##	Training CALVIN on a Slurm Cluster
### Starting a training
```bash
$ cd $HULC_ROOT/slurm_scripts
$ python slurm_training.py --venv hulc_venv datamodule.root_data_dir=/path/to/dataset/
```
This assumes that `--venv chulc_venv` specifies a conda environment.
To use virtualenv instead, change line 18 of sbatch_lfp.sh accordingly.

All hydra arguments can be used as in the normal training.

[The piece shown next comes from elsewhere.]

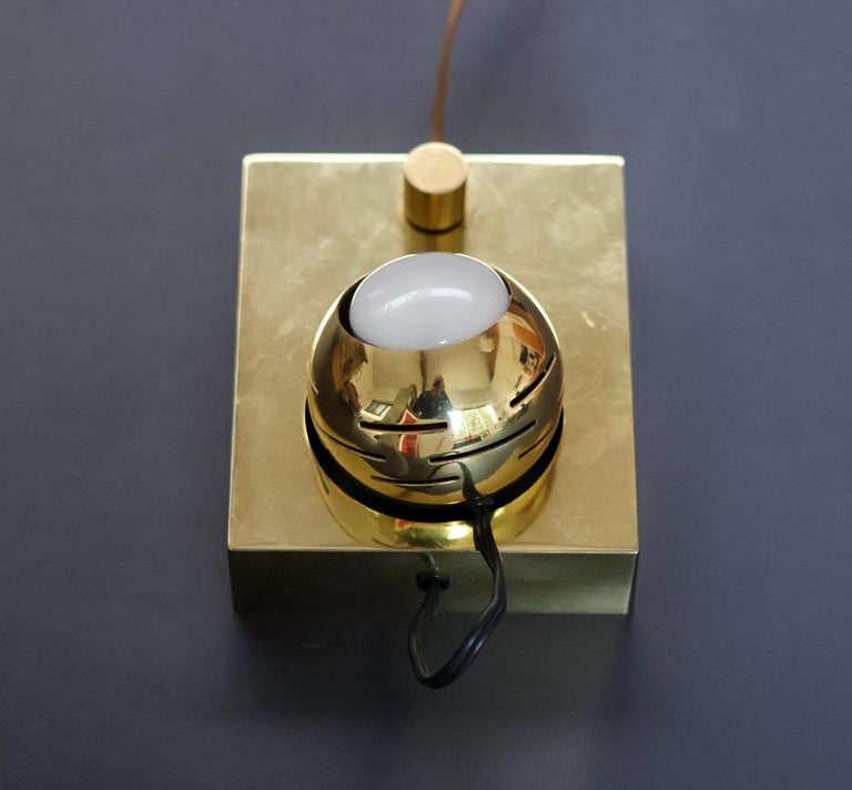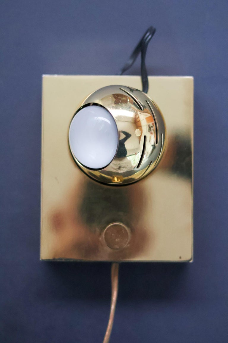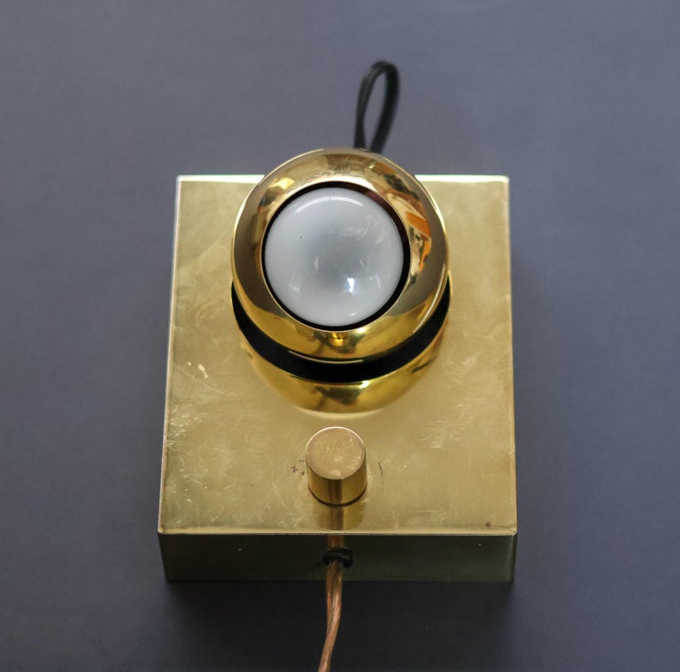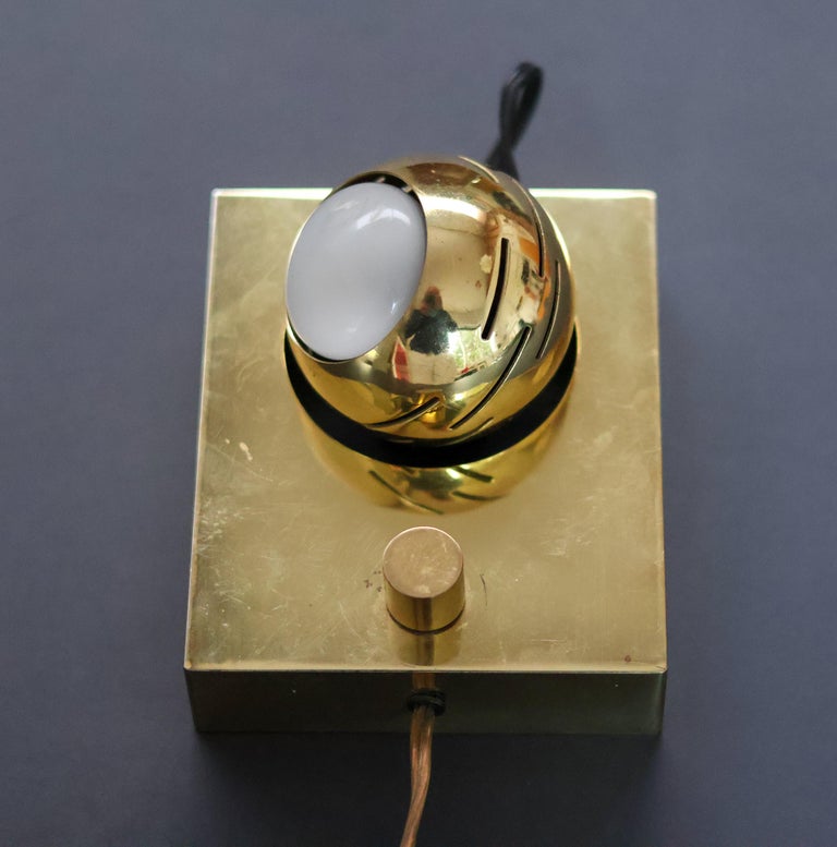 Beautiful wall lamp designed by Angelo Lelli and manufactured by Arredoluce, Italy 1960. This design is part of the ‘eye’ series designed by Angelo Lelli. This table lamp is made of polished brass and has a magnetic eye spot light that is adjustable in many different positions. Nice detail is the on/off switch on the lamp. The lamp is in very good original condition with minor wear as shown on the pictures and in the video. Works perfectly and is usable in the USA. Wonderful piece to enlighten a piece of art. We recommend an E27 6ow maximum bulb. Bulb not included. Rewired for U.S. standards.

Use the following optional command line arguments for slurm:
- `--log_dir`: slurm log directory
- `--job_name`: slurm job name
- `--gpus`: number of gpus
- `--mem`: memory
- `--cpus`: number of cpus
- `--days`: time limit in days
- `--partition`: name of slurm partition

The script will create a new folder in the specified log dir with a date tag and the job name.
This is done *before* the job is submitted to the slurm queue.
In order to ensure reproducibility, the current state of the calvin repository
is copied to the log directory at *submit time* and is
locally installed, such that you can schedule multiple trainings and there is no interference with
future changes to the repository.

### Resuming a training
Every job submission creates a `resume_training.sh` script in the log folder. To resume a training,
call `$ sh <PATH_TO_LOG_DIR>/resume_training.sh`. By default, the model loads the latest saved checkpoint.

### Evaluating a model
To evaluate a trained model via slurm, run `$ sh <PATH_TO_LOG_DIR>/evaluate.sh`, which will automatically place a job on the
same partition as it was trained on. Note that this script is also autogenerated.